The Financial Services Authority (FSA) has written to all firms still selling single premium Payment Protection Insurance with unsecured personal loans (SP PPI UPL) asking them to withdraw the product as soon as possible, and by no later than 29 May.

The letter, which has been sent to chief executives, follows the decision last month by a number of major banks to step selling SP PPI UPL.  Some of these firms, along with other market players, now offer or plan to offer regular premium PPI instead of a single premium product. 

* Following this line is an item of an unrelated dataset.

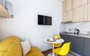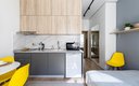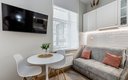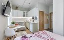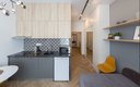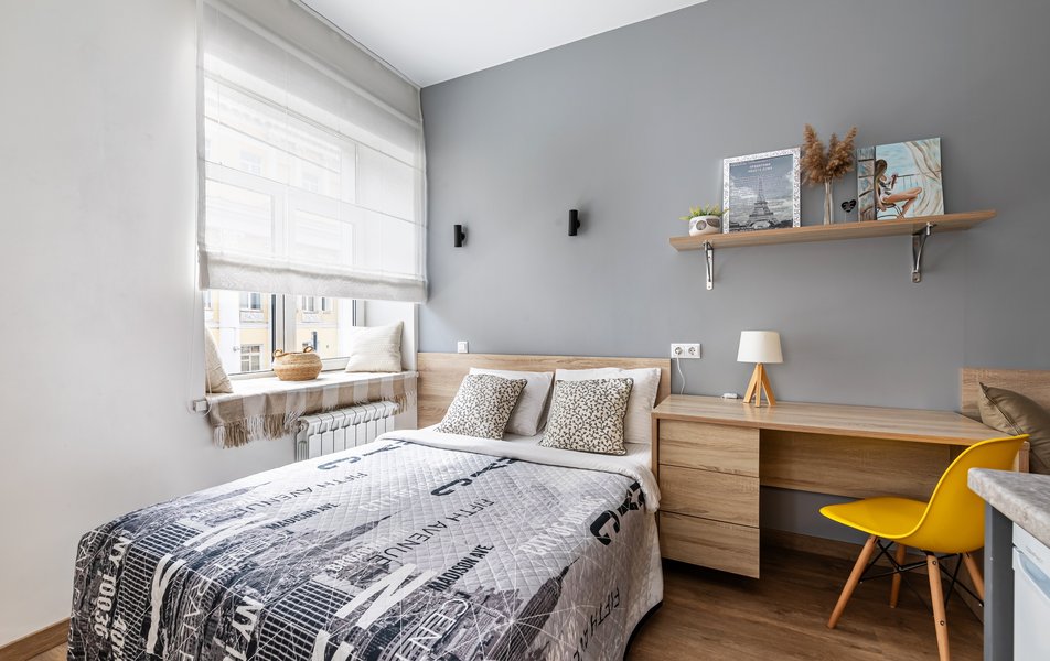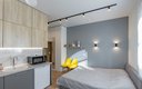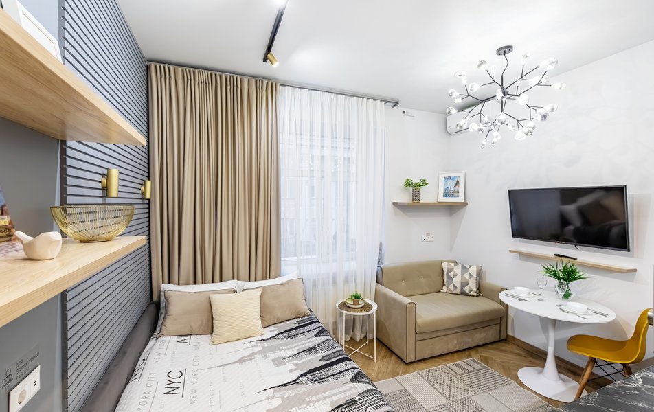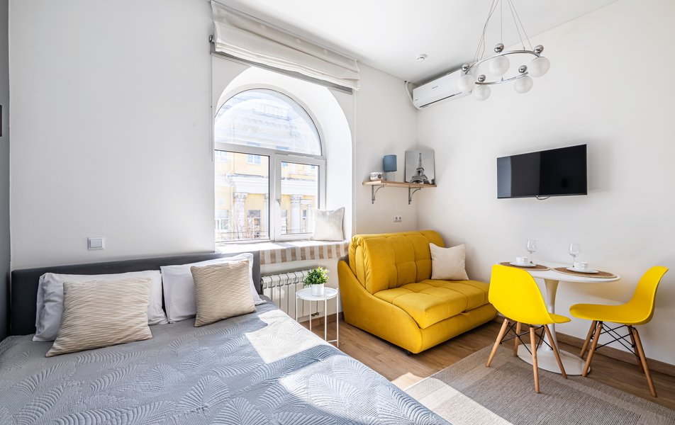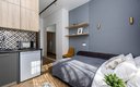 Гостям предлагается несколько категорий стильных студий, каждая из которых рассчитана на комфортное размещение до четырёх-пяти человек. Интерьеры выполнены в современном дизайне с использованием спокойных тонов, создающих атмосферу уюта и расслабления. В распоряжении гостей — широкие двуспальные кровати, односпальные кровати, двухспальные диваны-кровати с ортопедическими матрасами, а также дополнительные подушки и одеяла. В каждом номере есть обеденный стол, вместительный шкаф или комод, вешалка, телевизор и кондиционер. Для работы предусмотрена отдельная зона в некоторых категориях. Кухня полностью оборудована всем необходимым для приготовления еды. В ванной комнате — душевая кабина, стиральная машина, фен, тапочки, зубные щётки с пастой и разнообразные туалетно-косметические принадлежности. На всей территории работает Wi-Fi.

The letter from Jon Pain, the FSA’s managing director of retail markets, reminds firms that the Competition Commission’s final report on its PPI market inquiry, published on 29 January, included a remedy that prohibits the sale of single premium PPI policies after 1 October 2010.

It continues:

“We recognise the severity of the current economic climate and the financial problems many consumers are facing.  Moreover, we believe that PPI can play an important and legitimate role to cover repayments on specific credit agreements for consumers facing job loss, or other issues at this difficult time.  However, our focus remains on how this product has been, and continues to be, sold and whether consumers have been treated fairly during the sales process.

“We therefore request that if your firm has not already done so, it stops selling single premium PPI with unsecured personal loans as soon as possible and in any event by 29 May 2009.  In view of our ongoing concerns across the single premium market over the standard of sales, we believe this request is justified to bring an orderly withdrawal of single premium PPI from the market.”

The letter asks for a written response to the request to withdraw SP PPI UPL to be sent to the FSA by 31 March 2009.

Notes for editors

  1. Dear CEO Letter PDF
  2. FSA’s update on PPI on 20 January 2009 and its statement of 30 September 2008.
  3. To help consumers make informed decisions, the FSA's consumer pages - Moneymadeclear - include questions that people should ask themselves before taking out PPI along with PPI comparative tables to help them shop around.
  4. Tackling poor Payment Protection Insurance (PPI) sales practices is a priority for the FSA.  The aim of the FSA's work into the sale of PPI is to secure better outcomes for consumers through firms improving their sales standards and consumers making well-informed purchasing decisions.  The FSA expects firms to meet the Principle of treating customers fairly and to comply with Insurance Conduct of Business (ICOBS) rules.
  5. The FSA has taken action against 20 firms over poor PPI sales practices.  This includes FSA’s largest fine in the retail sector on Alliance & Leicester who were fined £7m in October 2008 for serious failings in its telephone PPI sales.
  6. The Competition Commission’s (CC) Final Report on its PPI market inquiry was published on 29 January 2009.
  7. The FSA regulates the financial services industry and has four objectives under the Financial Services and Markets Act 2000: maintaining market confidence; promoting public understanding of the financial system; securing the appropriate degree of protection for consumers; and fighting financial crime.
  8. The FSA aims to promote efficient, orderly and fair markets, help retail consumers achieve a fair deal and improve its business capability and effectiveness.